* **Data**:
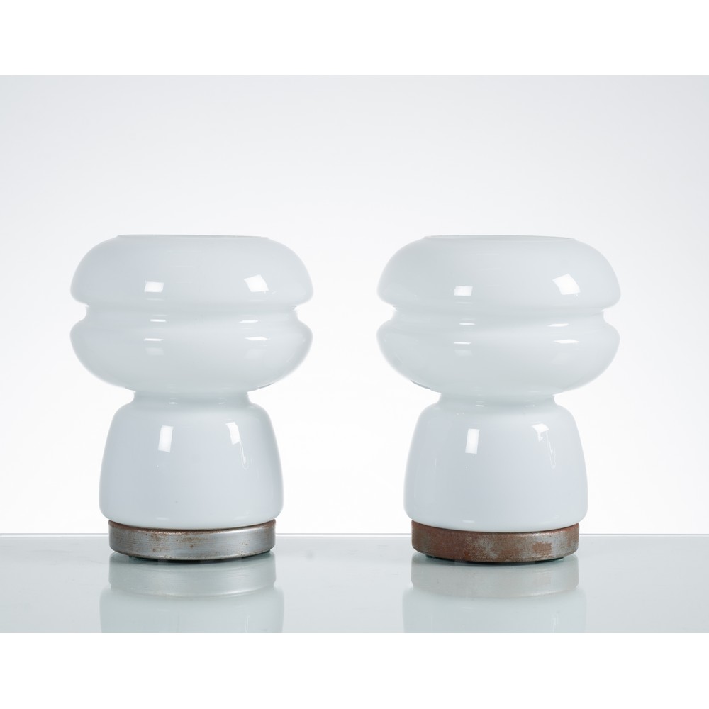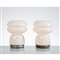 Coppia di lampade da tavolo ad una luce modello “Mushroom”, corpo sagomato in vetro opalino lattimo.
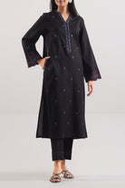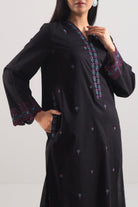 Black Solid Embroidered Cotton Two-Piece From SAYA Includes A Ready-To-Wear Shirt And Trouser In Premium Cotton Fabric. Shirt Features Subtle Embroidery Detail On A Solid Black Base With Clean Tailoring And Classic Collar. Trouser Matches With Sleek Stitching And Comfortable Fit. Ideal For Evening Outings, Formal Events Or When You Want A Polished Look With Minimal Fuss.
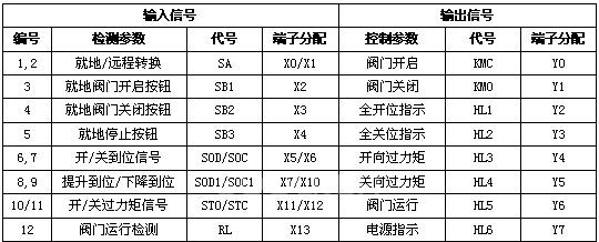 系統(tǒng)選用三菱電機公司生產(chǎn)的FX2N-32MR作為RTU單元。智能驅(qū)動裝置是引進美國Limitorque技術(shù)的SMC多回轉(zhuǎn)型閥門電動裝置,它可以單臺控制,也可集中控制,可現(xiàn)場操作,也可遠程控制,除能驅(qū)動閥門動作外同時還能將自身的狀態(tài)以標準信號的方式送出供PLC進行狀態(tài)檢測[2]??紤]閥門站兼有就地和遠程兩種控制方式,PLC共管理12路輸入信號和8路輸出信號。其輸入輸出信號及端子分配如表1所示。
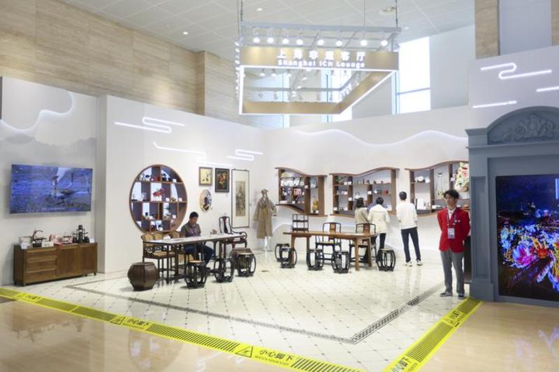 چین ، مشرقی شہر شنگھائی کے قومی نمائش و کنونشن مرکز(شنگھائی) میں 7 ویں چائنہ بین الاقوامی درآمدی نمائش  کے میڈیا مرکز میں غیرمادی ثقافت کا نمائشی علاقہ دیکھا جاسکتا ہے۔ (شِنہوا)
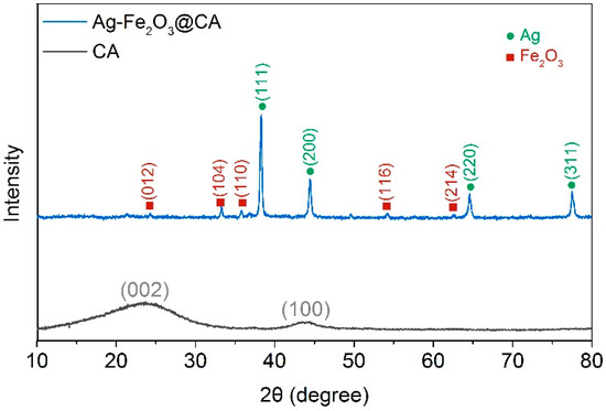 XRD patterns of Ag–Fe2O3@CA and pure CA are presented in Figure 4. For pure CA, the broad peaks located at 23° and 43°, which can be found in numerous carbon materials, were associated to the (002) and (100) planes of amorphous carbon and [30]. For Ag–Fe2O3@CA, the characteristic peaks at around 38°, 45°, 65° and 78° well matched up to the (111), (200), (221) and (311) planes of the face-centered cubic Ag in sequence according to the JCPDS File 04-0783 [31]. In addition, the (012), (104), (110), (116) and (214) lattice planes, which were observed at around 24°, 33°, 36°, 54° and 63° respectively, could be ascribed to the diffraction from α-Fe2O3 according to ICDD #01–079–0007 [32]. Last but not least, the diffraction peaks of Ag–Fe2O3@CA were all narrow and sharp, confirming that both Ag and α-Fe2O3 were of high crystallization.

* **What to produce**:
Word for word and without pictures, please write out only the lines from the start of the entries through the line containing "Black Solid Embroidered", both included.

* **Task result**:
 Coppia di lampade da tavolo ad una luce modello “Mushroom”, corpo sagomato in vetro opalino lattimo.
 Black Solid Embroidered Cotton Two-Piece From SAYA Includes A Ready-To-Wear Shirt And Trouser In Premium Cotton Fabric. Shirt Features Subtle Embroidery Detail On A Solid Black Base With Clean Tailoring And Classic Collar. Trouser Matches With Sleek Stitching And Comfortable Fit. Ideal For Evening Outings, Formal Events Or When You Want A Polished Look With Minimal Fuss.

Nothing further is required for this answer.